With the change of seasons, folks are digging into their closets and bringing out clothing they haven’t seen in several months. For the warmer climates, fabrics are always lighter and cooler, but for some Chilean customers, the clothing they recently purchased included more than cotton and linens. According to a recent tweet from Chilean Customs officials, officers discovered 29 clothing items impregnated with MDMA coming from Spain at the Santiago Airport.
MDMA, sometimes referred to as Molly or Ecstasy, is a synthetic drug that acts as a stimulant and hallucinogen. According to the National Institute on Drug Abuse, “High doses of MDMA can affect the body’s ability to regulate temperature. This can lead to a spike in body temperature that can occasionally result in liver, kidney, or heart failure or even death.”
Hiding illicit drugs within the fibers of material is not a new way of smuggling. In 2018, it was reported that police in South America seized a huge haul of liquid cocaine that was soaked into Colombian football shirts. Tests showed all the garments had all been impregnated with cocaine hydrochloride. It was reported that this technique is used by smuggling gangs to avoid detection. Liquid cocaine is poured into the fabric of clothes, a process which increases the weight of the garment by around 15 per cent, and then the process is reversed in a lab to extract the drug without losing a single gram.
In 2013, The Age reported that three people were readying a method of extracting cocaine impregnated in towels and clothing imported by others from South America. The prosecutor told the County Court the men’s’ possession of 1.7 kilograms of cocaine worth up to about $800,000 involved the conversion of the drug saturated in the items into a form for distribution.
A study1 dating back to 2005 discussed a case where a woman travelling from South America to the Republic of Ireland was detained at Dublin Airport and articles of clothing she had in her luggage were found to be impregnated with cocaine. The study notes that the amount of powder recovered from the garments was approximately 14% of the total weight of the garments. An examination of the garments indicated that the method of impregnation was by pouring liquid containing cocaine onto the clothing.
For the Chilean Customs officials, this was their first large seizure of clothes infused with MDMA following purchase and training on their new chemical identification tools.
Customs and Border Protection (CBP) organizations charged with stopping narcotics, new synthetic drugs, and other illicit substances from crossing borders need narcotics identification tools that provide immediate analysis at the port of entry.
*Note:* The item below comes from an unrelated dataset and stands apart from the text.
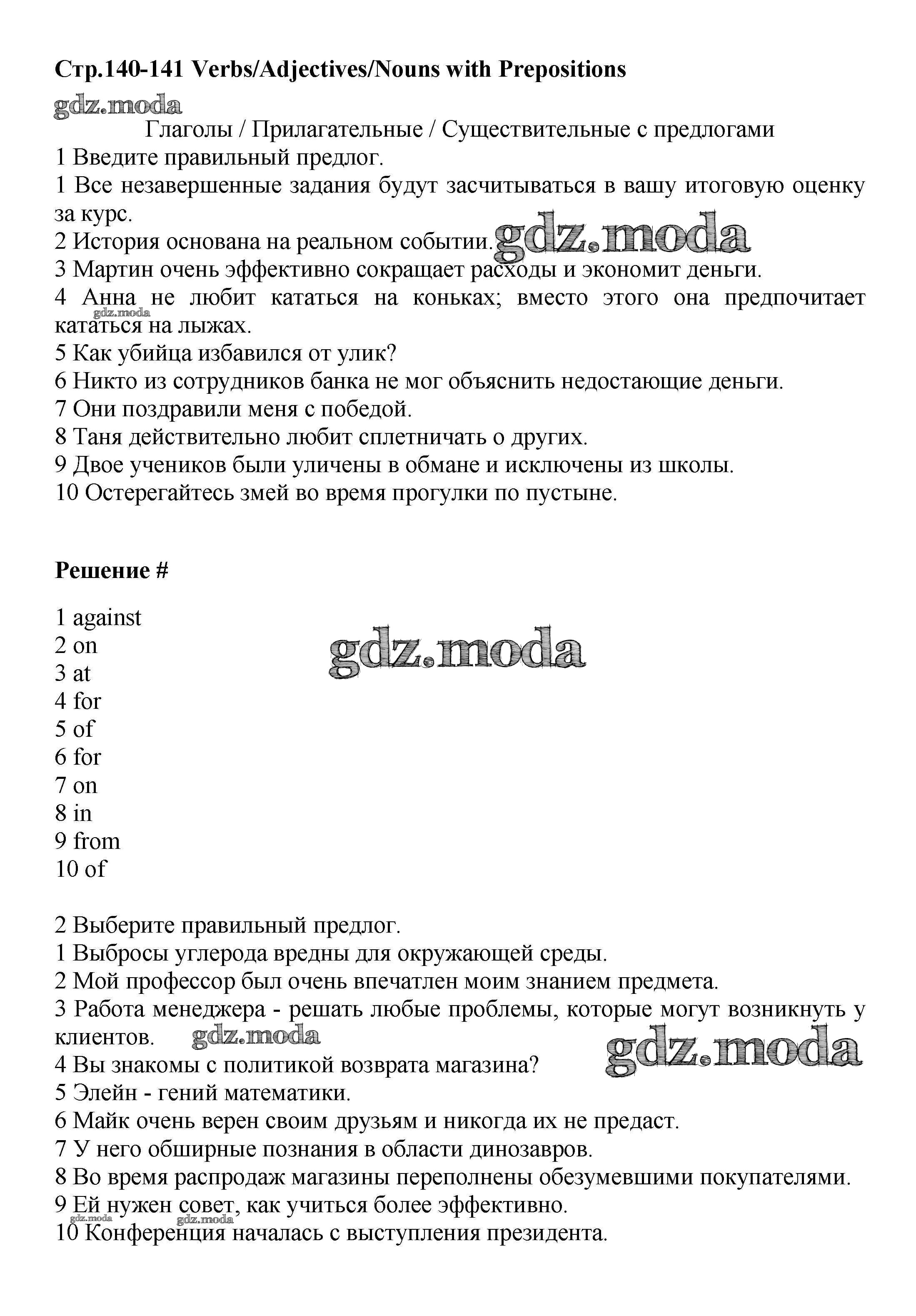 grammar bank / verbs/adjectives/nouns with prepositions / стр.140-141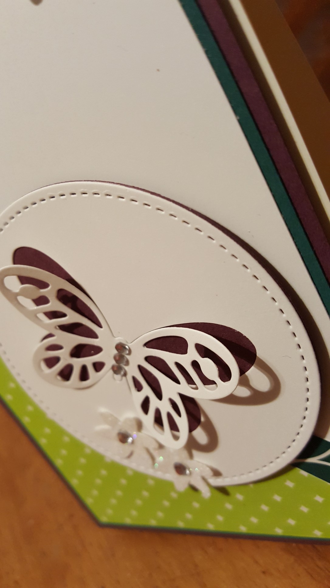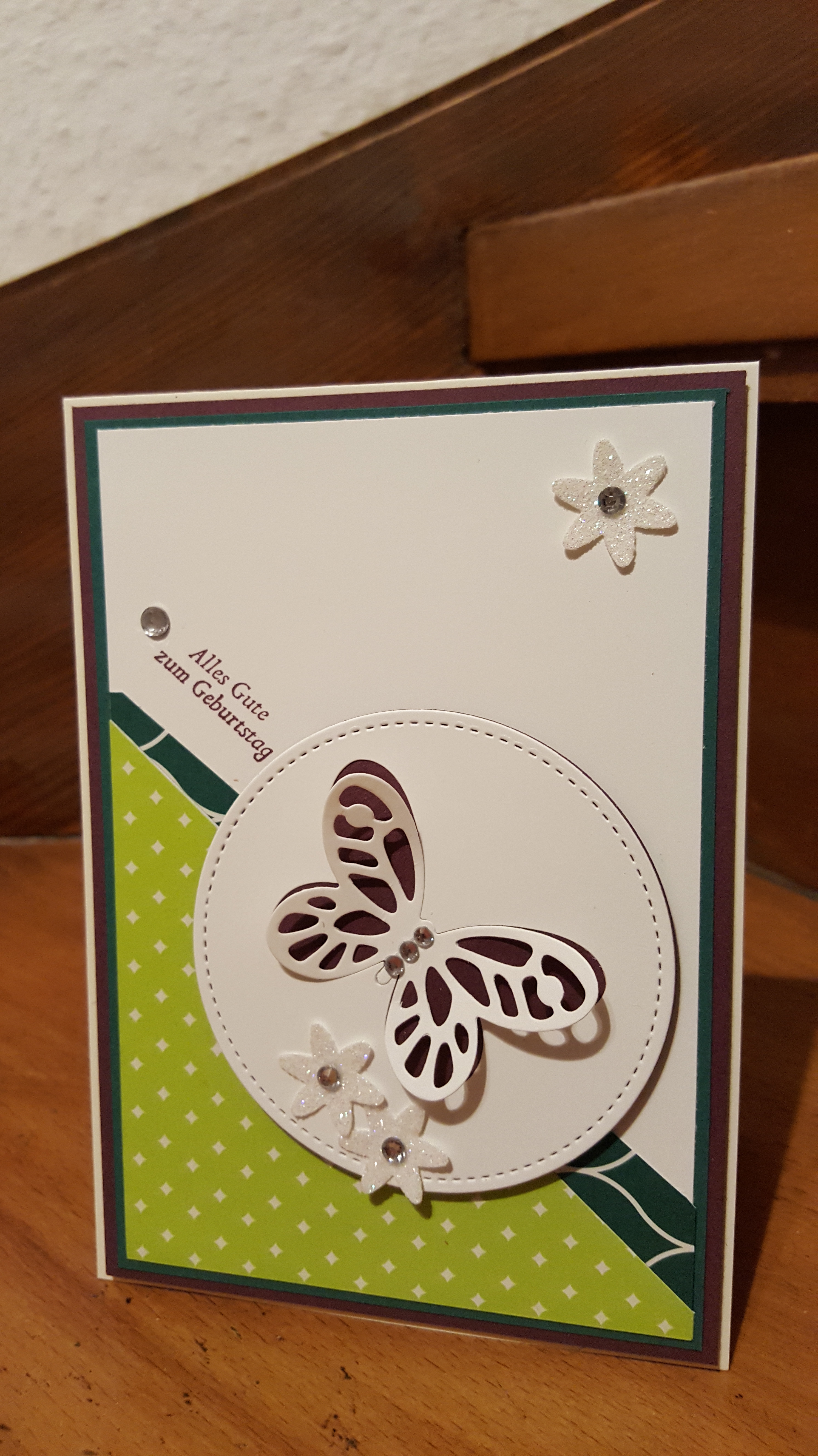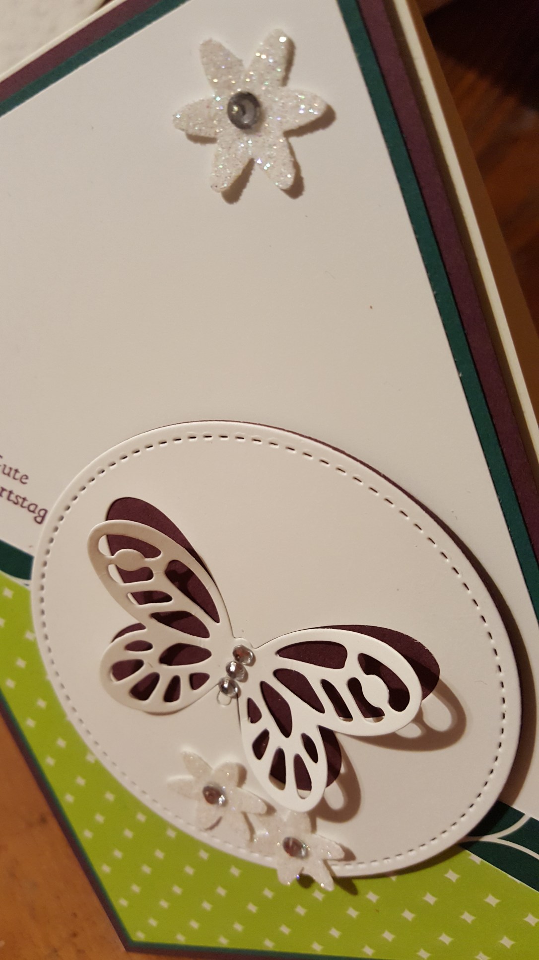 Meine Freundin liebt Schmetterlinge und deshalb war mir klar, die Karte wird trotz des Besonderen Designerpapiers Orientpalast nicht orientalisch. Das hätte ihr auch nicht gefallen. Also habe ich meine geliebten Thinlits Formen Schmetterling herausgeholt und den Filigranen in weiß ausgestanzt. Die Ausstanzung habe ich dann noch mal mit den Framelits Formen Stickereien ausgestanzt. Diesen Kreis habe ich dann noch mal in Cardstock Feige ausgestanzt und damit den weißen hinterlegt. Nun habe ich nur noch den Filigranen Schmetterling wieder in die Ausstanzung eingepasst und fertig war mein Hauptmotiv.

For rapid identification of suspected narcotics in the field, among the ships, at the airports, at the borders, there are handheld chemical Identification and narcotics analyzers that utilize the well-established analytical techniques FTIR and Raman spectroscopy.
We previously wrote about how the China Seas Coast Guard was intensifying its efforts to eradicate illicit drug trafficking using the latest chemical analysis technology. For the Coast Guard, the key to putting a dent in this traffic is active interdiction, on-the-spot, real-time detection when vessels are intercepted, stopped, and searched either in coastal waters or on the high seas.
With low concentrations of very toxic drugs becoming increasingly common, an analyzer with low dose identification is a valuable addition to the analytical detection and identification toolbox of law enforcement and border protection and will doubtless save lives. (Read the white paper Lesser and Lesser becoming Deadlier and Deadlier: Detecting Low Doses of Lethal Opioids.)
The next time you stop by a department store window and see the latest clothing that came off the fashion runways, remember the custom officials who are protecting us from drugs arriving on the airport runways.
1McDermott SD, Power JD. Drug smuggling using clothing impregnated with cocaine. J Forensic Sci. 2005 Nov;50(6):1423-5. PMID: 16382839.